How do I find the turning point/stationary point of this equation y = 9(x − 1)^2 − (x − 1)^4?

Differentiate and equate to zero 

y = 9(x − 1)^2 − (x − 1)^4

dy/dx = 2(9)(x-1)^1(1) - 4(x - 1)^3(1) = 0 

Tidying up 

18x - 18 -4(x^3 - 3x^2 + 3x - 1) = 0 

18x - 18 - 4x^3 + 12x^2 - 12x + 4 = 0 

-4x^3 + 12x^2 + 6x -14  = 0 

By 'trial and error

x = 1 

Substitute 

-4 + 12 + 6 - 14 = 0 

So when x = 1 As the stationary/turning point , then y = 0 

So the co-ords are (1,0) 

Another way is to expand the brackets, collect 'like terms' and then differentiate and equate to zero. 

y = 9(x^2 - 2x + 1) - ( x^4- 4x^3 + 6x^2 - 4x + 1)

y = 9x^2 - 18x + 9 - x^4 + 4x^3 - 6x^2 + 4x - 1 

y = -x^4 +  4x^3 + 3x^2 - 14x + 8 

dy/dx = -4x^3 + 12x^2 + 6x - 14 = 0 

Then as above. 

NB By 'Trial and error' you have to try and find a number for 'x' that makes the differentiated eq'n equal to zero. To do this try 0, 1, -1, 2, -2, et seq.  

The differentiated equation does not readily factorise. 
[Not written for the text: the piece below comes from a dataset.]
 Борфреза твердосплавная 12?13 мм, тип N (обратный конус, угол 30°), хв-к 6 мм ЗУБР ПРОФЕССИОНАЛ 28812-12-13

However, you can divide the differentiated equation by. 'x - 1', the factor from above. The result will be a quadratic eq'n which may factorise to find the other x-values of the turning points.  The basic equation is raised to the power of '4' , so there will be three(3) turning points. 

y = 9(x - 1)² - (x - 1)⁴

so, dy/dx = 18(x - 1) - 4(x - 1)³

Now, stationary/turning points are when dy/dx = 0

i.e. when 18(x - 1) - 4(x - 1)³ = 0

or, 2(x - 1)[9 - 2(x - 1)²] = 0

Then, 2(x - 1) = 0 or 9 - 2(x - 1)² = 0

i.e. x - 1 = 0 or (x - 1)² = 9/2

so, x = 1, x = 1 ± (3√2/2)

or, x = 1, x = (2 ± 3√2)/2

i.e. x = 1, x = (2 + 3√2)/2 and x = (2 - 3√2)/2

A sketch of the function is below.

:)>  

Here's a trick.

Consider the function 

w = 9x^2 - x^4.

dw/dx = 18x - 4x^3.

The denominator is 0 when

x = 0, and also when x = +/- (3/2)*sqrt(2)..  
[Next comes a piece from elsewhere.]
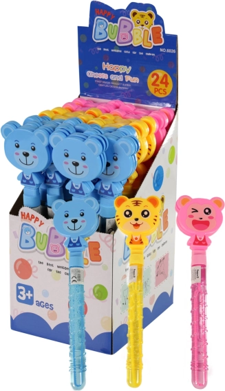 Le petit embout intégré au bouchon est toujours à portée de main, et le mélange de couleurs (bleu, rose, jaune) avec ourson, tigre et petit singe plaira à tous les petits fans de bulles. Produit adapté dès 3 ans. Pour un achat facile et le réassort, nous proposons la vente uniquement par carton complet de 24 pièces.

So the three stationary points of w are at x = 0, +(3/2)sqrt(2) and -(3/2)sqrt(2).

Are they turning points?  For that we need

d2w/dx2 = 18 - 12x^2.  

The stationary points must also be turning points, as d2w/dx2 is not 0 there.

Then it should be plan that the three turning points of y are at

x = 1, x = 1 + (3/2)sqrt(2), and x = 1 - (3/2)sqrt(2).